Problem requirements:
Return the lines below exactly, please, from the one containing "17 Kasım 1938'de" through the last one, both included, and leave out any pictures.

Exercise input:
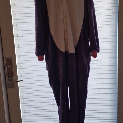 Unisex heldragt i lyseblå og hvid med enhjørning-design. Dragten har hætte med enhjørningens ansigt, horn og ører. Materialet er blødt.
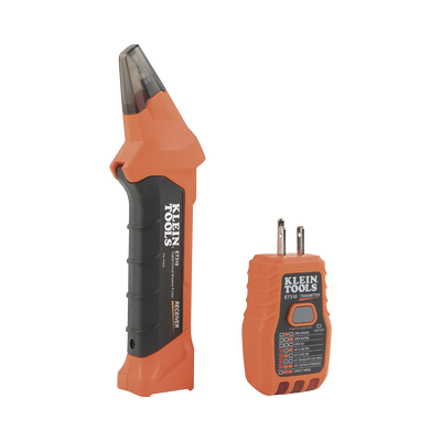 - Probador GFCI que consta de dos piezas: un transmisor conectado al tomacorrientes o accesorio eléctrico, y un receptor que se usa para escanear el cortacircuitos correcto en el panel.
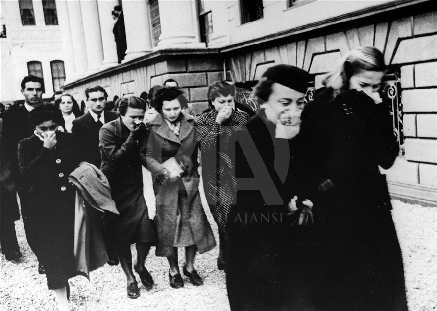 17 Kasım 1938'de Atatürk'ün Dolmabahçe Sarayı'daki naaşı önünden saygı geçişi yapan yurttaşlar gözyaşları içinde son görevlerini yerine getirdi. (Arşiv)
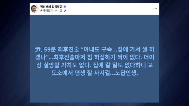 정 대표는 어젯밤(27일) SNS에, '아내도 구속되어 있는데 집에 가서 뭘 하겠느냐'는 윤 전 대통령 발언은 더 실망할 가치도 없다며, '노답인생'이라고 적었습니다.
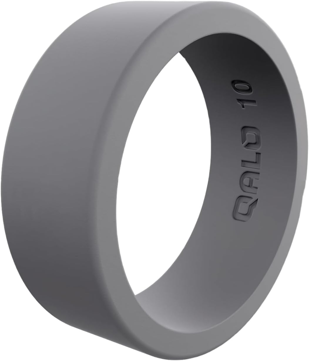 QALO Men's Silicone Wedding Band - 8mm x 2mm - Classic & Step Edge Mens Silicone Wedding Ring - Breathable Comfort Fit Rubber Rings Men - Durable Engagement Rings for Him
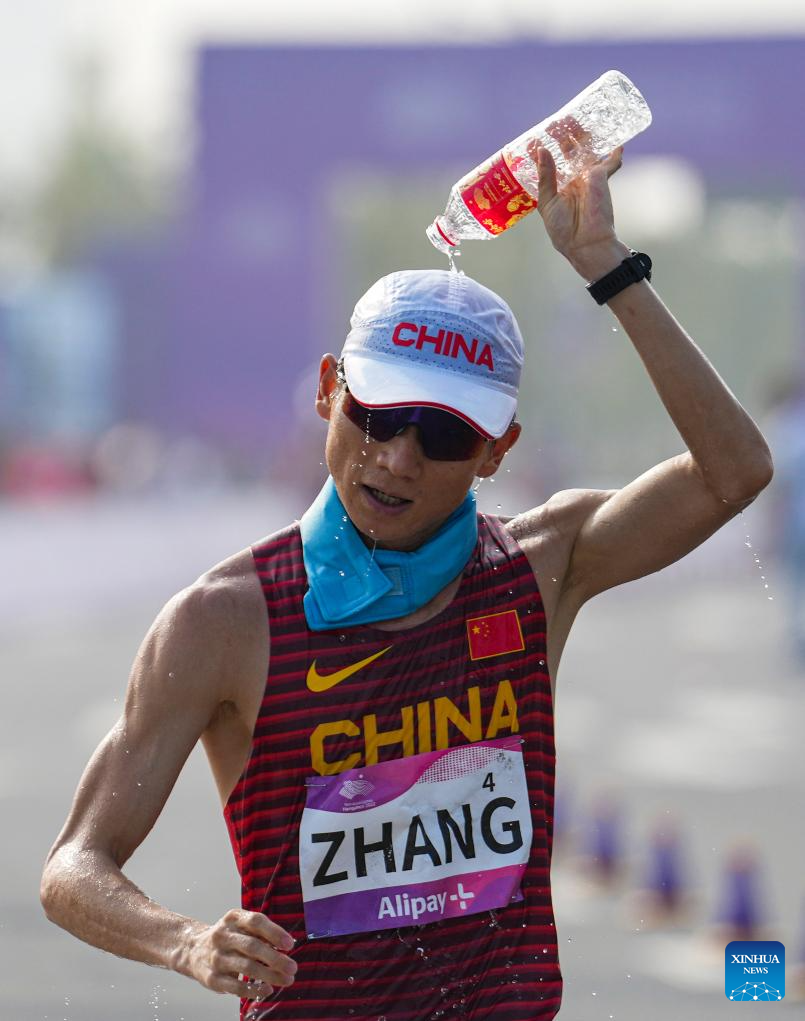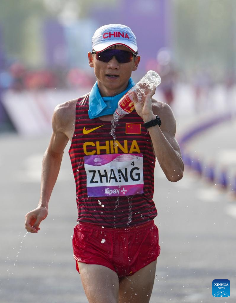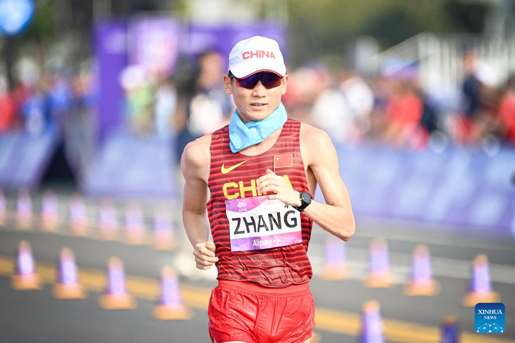 Zhang Jun of China competes during the Men's 20km Race Walk of Athletics at the 19th Asian Games in Hangzhou, east China's Zhejiang Province, Sept. 29, 2023. (Xinhua/Sun Fei)

Response box:
 17 Kasım 1938'de Atatürk'ün Dolmabahçe Sarayı'daki naaşı önünden saygı geçişi yapan yurttaşlar gözyaşları içinde son görevlerini yerine getirdi. (Arşiv)
 정 대표는 어젯밤(27일) SNS에, '아내도 구속되어 있는데 집에 가서 뭘 하겠느냐'는 윤 전 대통령 발언은 더 실망할 가치도 없다며, '노답인생'이라고 적었습니다.
 QALO Men's Silicone Wedding Band - 8mm x 2mm - Classic & Step Edge Mens Silicone Wedding Ring - Breathable Comfort Fit Rubber Rings Men - Durable Engagement Rings for Him
 Zhang Jun of China competes during the Men's 20km Race Walk of Athletics at the 19th Asian Games in Hangzhou, east China's Zhejiang Province, Sept. 29, 2023. (Xinhua/Sun Fei)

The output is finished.